Investigating Training and Generalization in Faithful Self-Explanations of Large Language Models
Tomoki Doi, Masaru Isonuma, Hitomi Yanaka
TL;DR
The paper tackles the persistent problem of faithfulness in LLM self-explanations by constructing pseudo-faithful explanations across attribution, redaction, and counterfactual styles and training instruction-tuned models with these signals. Using three tasks (Sentiment140, SNLI, AGNews) and two model scales (Tulu-2 7B, 13B), it demonstrates that training with pseudo-faithful explanations improves the proportion of faithful self-explanations across styles and tasks. The study also shows partial generalization to unconstrained multi-word explanations and unseen tasks, and observes cross-style transfer of faithfulness improvements, suggesting a broader enhancement of self-explanation capability. Limitations include reliance on one-word constraints, dataset scope, and access to training data, but the results offer a practical path toward more trustworthy LLM explanations.
Abstract
Large language models have the potential to generate explanations for their own predictions in a variety of styles based on user instructions.
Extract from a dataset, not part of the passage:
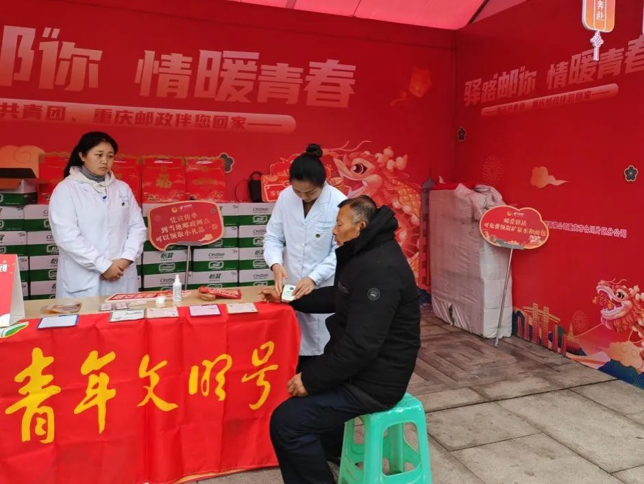 活动中,作为“三江新青年”的志愿者们为返乡务工青年和大学生进行政策宣传、提供就业信息等,并在驿站为来往人员提供了矿泉水、面包以及人民邮政文创包等新春小礼品。现场还组织了诸多青年文明号集体开展血压测量、健康问诊等暖青服务。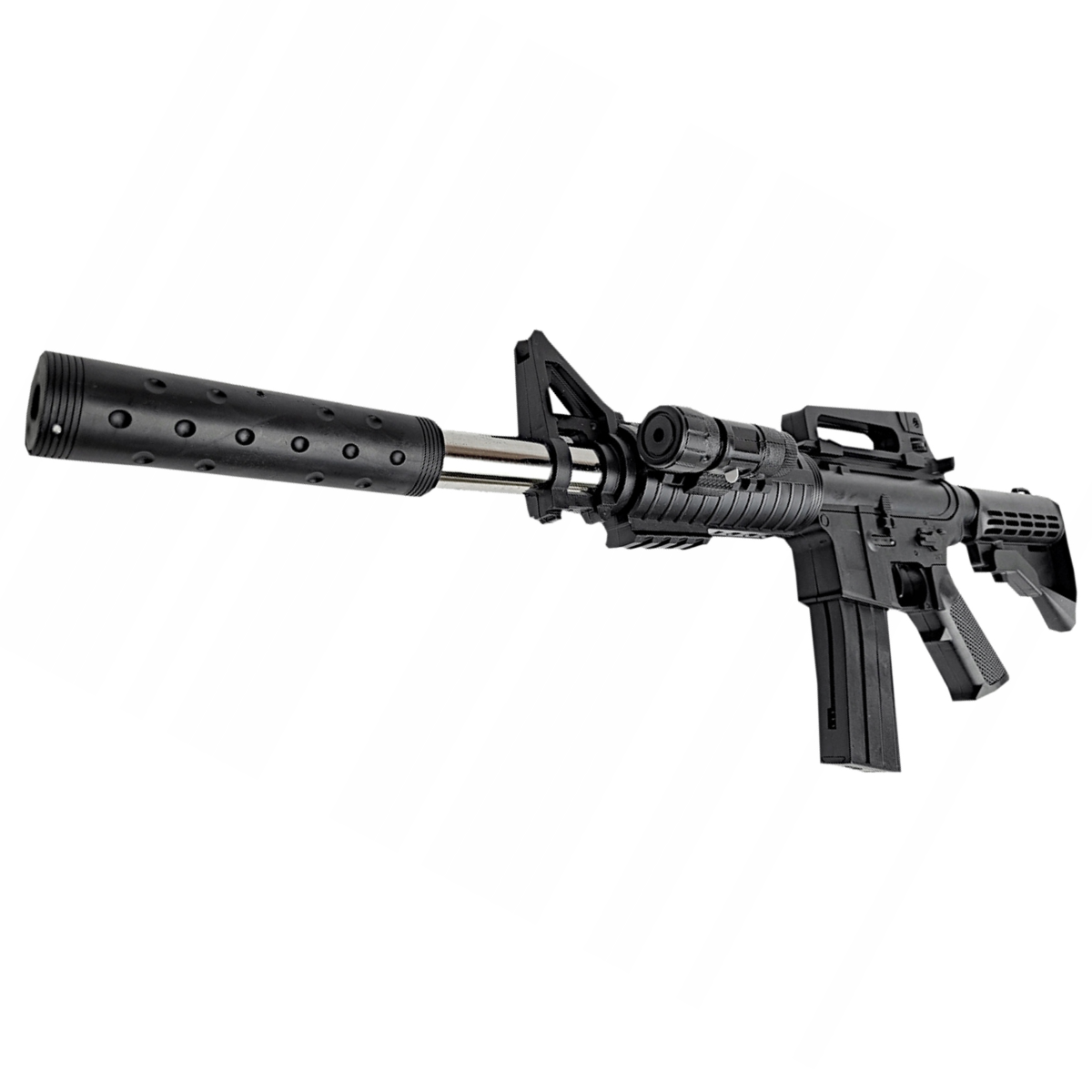 Karabin strzela lekkimi plastikowymi kulkami, co sprawia, że zabawa jest dynamiczna i emocjonująca.

Recent research has examined whether these self-explanations faithfully reflect the models' actual behavior and has found that they often lack faithfulness. However, the question of how to improve faithfulness remains underexplored. Moreover, because different explanation styles have superficially distinct characteristics, it is unclear whether improvements observed in one style also arise when using other styles. This study analyzes the effects of training for faithful self-explanations and the extent to which these effects generalize, using three classification tasks and three explanation styles. We construct one-word constrained explanations that are likely to be faithful using a feature attribution method, and use these pseudo-faithful self-explanations for continual learning on instruction-tuned models. Our experiments demonstrate that training can improve self-explanation faithfulness across all classification tasks and explanation styles, and that these improvements also show signs of generalization to the multi-word settings and to unseen tasks. Furthermore, we find consistent cross-style generalization among three styles, suggesting that training may contribute to a broader improvement in faithful self-explanation ability.